From the line containing "Comfortable Memory Foam" down to the line containing "Торонто. 27 июня.", copy out the entries below exactly, both lines included, and nothing else; pictures do not belong in the copy.

----------

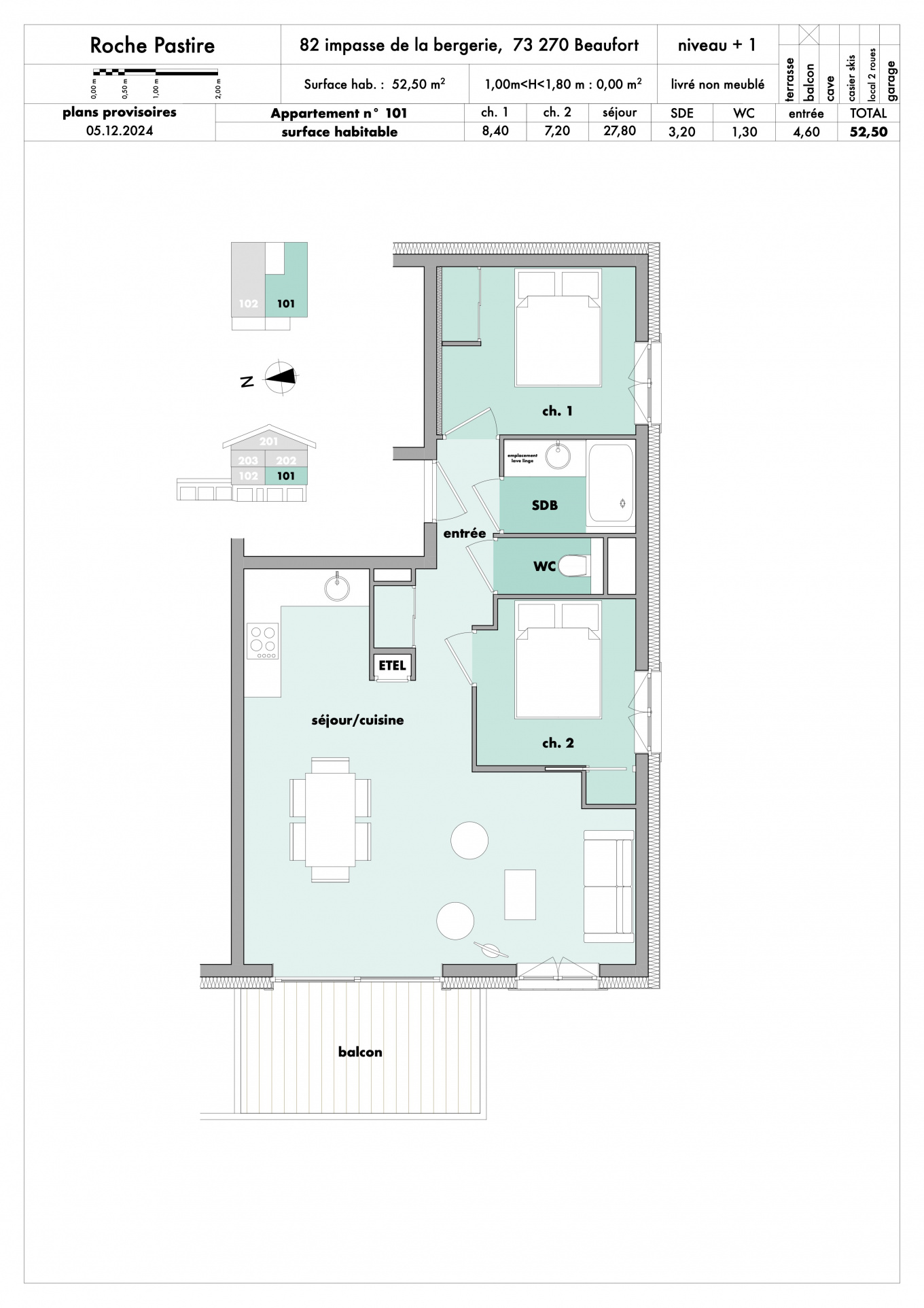1 T5 avec charpente apparente. Tous les appartements bénéficient de balcons ou terrasses spacieux, idéals pour profiter de l'extérieur et des vues panoramiques.
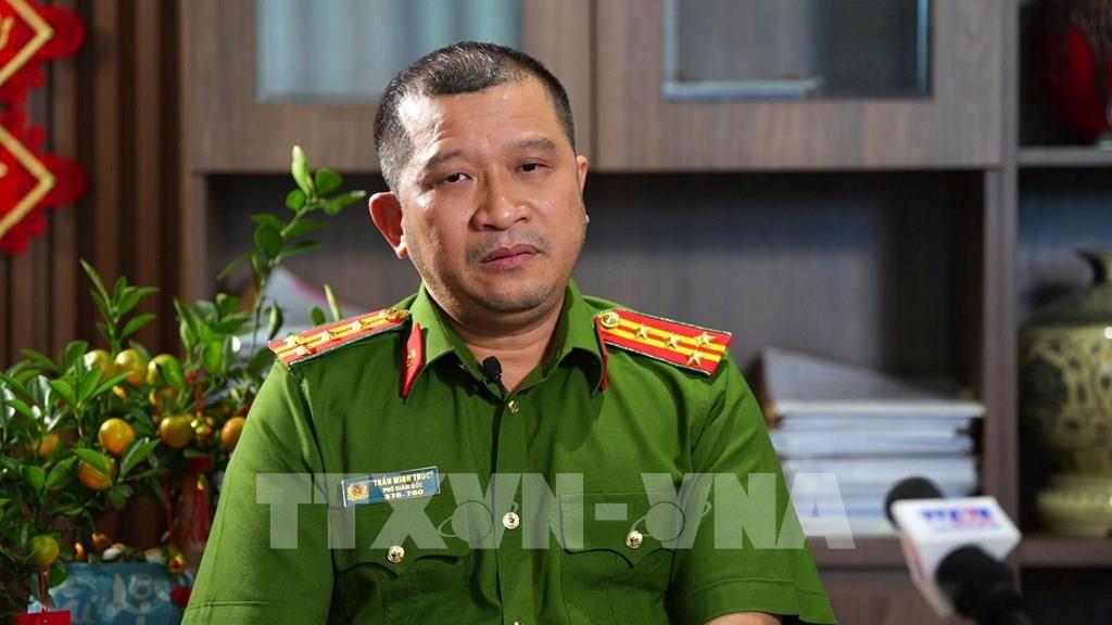 Đại tá Trần Minh Trúc, Phó Giám đốc Công an tỉnh Khánh Hòa trao đổi với phóng viên TTXVN. Ảnh: Đặng Tuấn - TTXVN
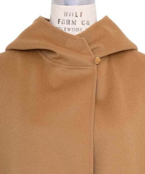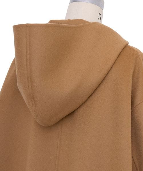 前を開けて羽織るとフードが優しくエレガントなニュアンスを生むロングコート。
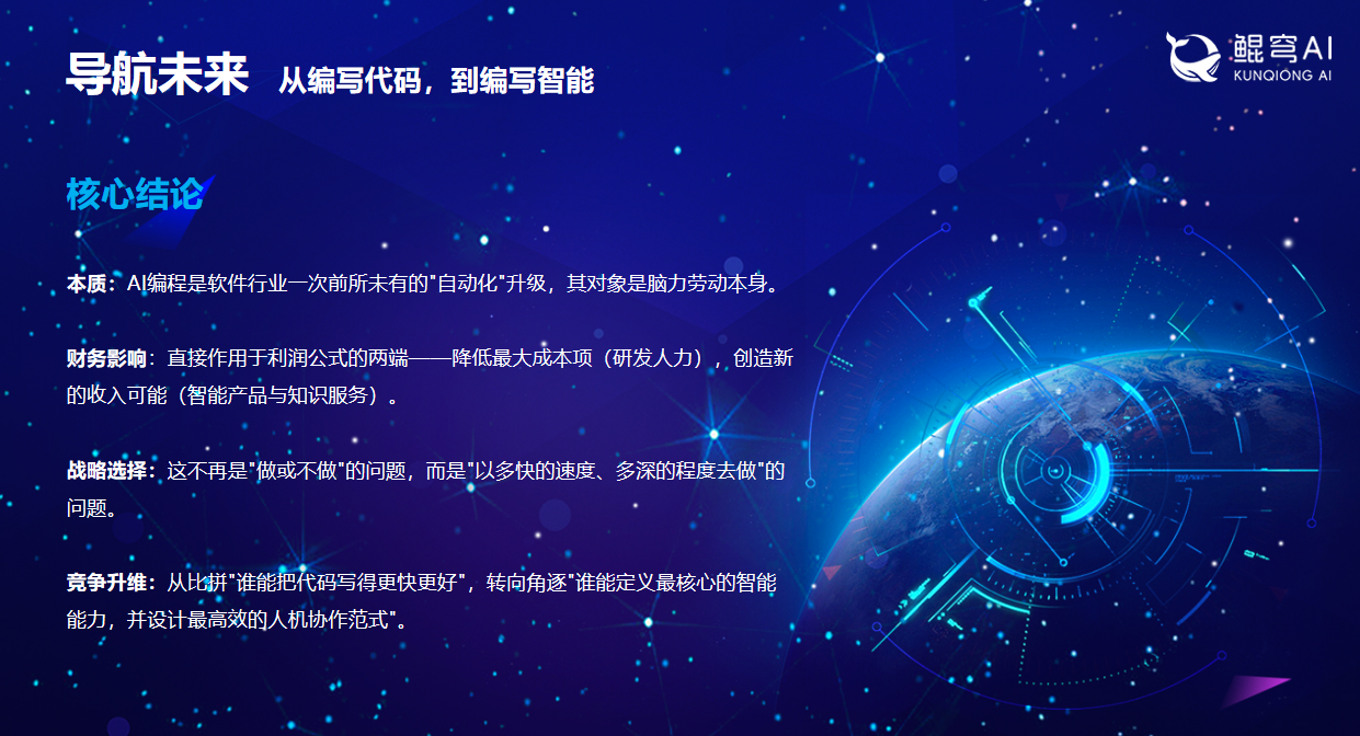 分享内容指出,当前以大模型为代表的AI技术正推动软件行业从“人力密集型开发”向“智能驱动式创造”转型。通过对Encoder与Decoder两大技术路线的深入分析,强调“生成”与“创造”已成为AI赋能软件产业的核心价值输出。同时,结合企业实践,从效率提升、流程重构、知识资产变现、人力结构优化等多个维度,阐述了AI编程如何推动软件企业从“成本中心”转向“利润引擎”。
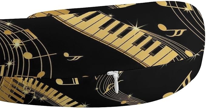Comfortable Memory Foam Travel Neck Pillow Novel Music Note Prints, Washable Removable Cover, Chin Head Support for Airplane Car Office Pain Relief Sleeping
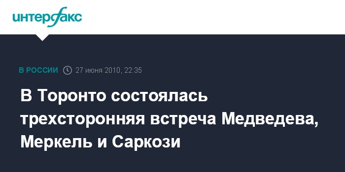 Торонто. 27 июня. ИНТЕРФАКС - Президент России Дмитрий Медведев принял в воскресенье участие на полях саммита "большой двадцатки" в трехсторонней встрече с президентом Франции Николя Саркози и канцлером Германии Ангелой Меркель.
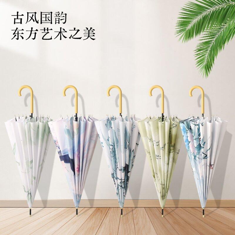 2025 новый зонт с 16 спицами на прямом стержне, антикварный зонт с изогнутой деревянной ручкой «Гоюнь», длинный зонт
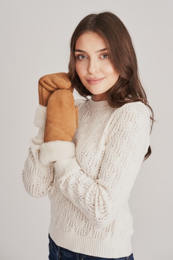 Damskie rękawiczki skórzane jednopalczaste wykonane z najwyższej jakości skór jagnięcych. Bardzo ciepłe i wygodne, od środka wykończone naturalnym futerkiem.
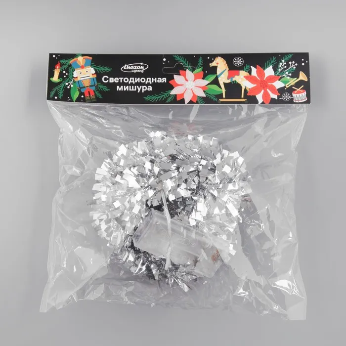 Гирлянда «Мишура» 2 м роса, IP20, серебристая нить, 44 LED, 6 слоёв, d=5 см, свечение белое, ААх2 — Характеристики
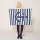 Nautical themed gifts - fleece blanket with navy blue stripes and anchor printed on white background.
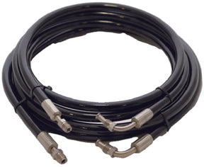 The hose kit contains two hoses - high pressure and low pressure - with fittings. The low-pressure hose is 12 longer to allow for uninterrupted travel when connected to the cylinder actuator. (One hose kit is needed per system.)
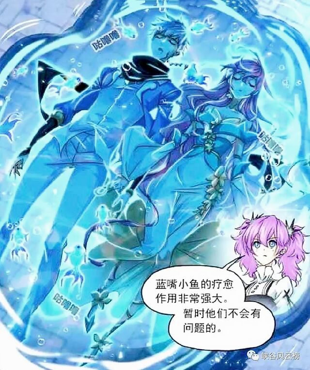 与此同时,宁荣荣和奥斯卡也因魂力散尽而身体脱力,海神七子用蓝嘴小鱼为她们治愈。
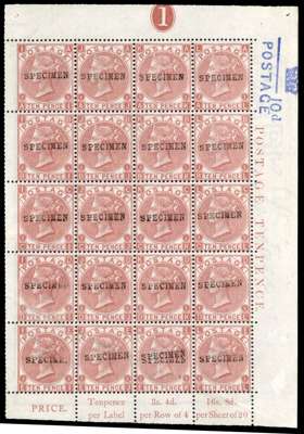 1867-80 10d pale red-brown, plate 1, wmk Spray of Rose, complete upper right pane of 20 (4x5) with full margins showing sheet inscriptions and plate number, each opt ‘SPECIMEN’ (type 9), fresh mint o.g., highly attractive and very desirable with plate number. SG 113 var, cat £10000+
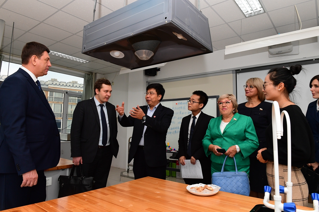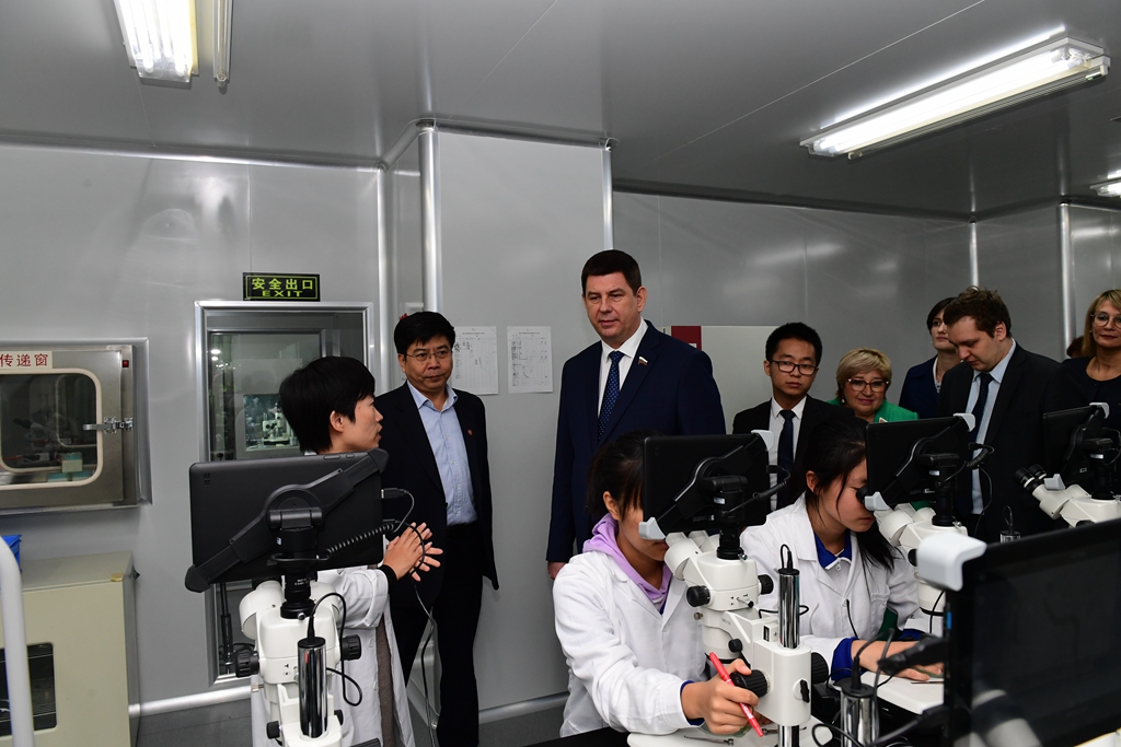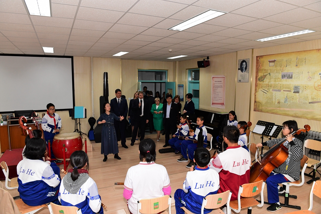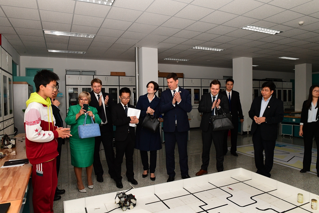 在徐校长的引领下,俄罗斯代表团首先来到我校生物无菌实验室,与实验室的师生们亲切交流;在CYPT社团教室,CYPT社团师生们用俄语欢迎远道而来的朋友们,并向俄罗斯代表团成员们展示在刚刚过去的国庆假期前往俄罗斯天然气学校友好校参加国际科学实践大会的成果;随后,俄罗斯代表团走进我校纸艺教室和烹饪教室,并品尝新鲜出炉的玛格丽特可口饼干;在机器人社团教室,我校师生向俄罗斯朋友们介绍机器人社团研究课题,并就一些专业问题与俄罗斯朋友交换意见。随后,俄罗斯代表团来到我校摄影教室,与摄影社同学们亲切互动,合影留念。俄罗斯代表团还参观了我校书法教室、剪纸教室;在民乐教室,俄罗斯朋友们欣赏我校民乐团演奏的自己创作的曲目《源》,并与民乐团成员就感兴趣的话题互动交流。最后,俄罗斯朋友们走进潞河国际教育学园,了解国际课程的开发与建设。

----------

*COMPLETED EXERCISE*
Comfortable Memory Foam Travel Neck Pillow Novel Music Note Prints, Washable Removable Cover, Chin Head Support for Airplane Car Office Pain Relief Sleeping
 Торонто. 27 июня. ИНТЕРФАКС - Президент России Дмитрий Медведев принял в воскресенье участие на полях саммита "большой двадцатки" в трехсторонней встрече с президентом Франции Николя Саркози и канцлером Германии Ангелой Меркель.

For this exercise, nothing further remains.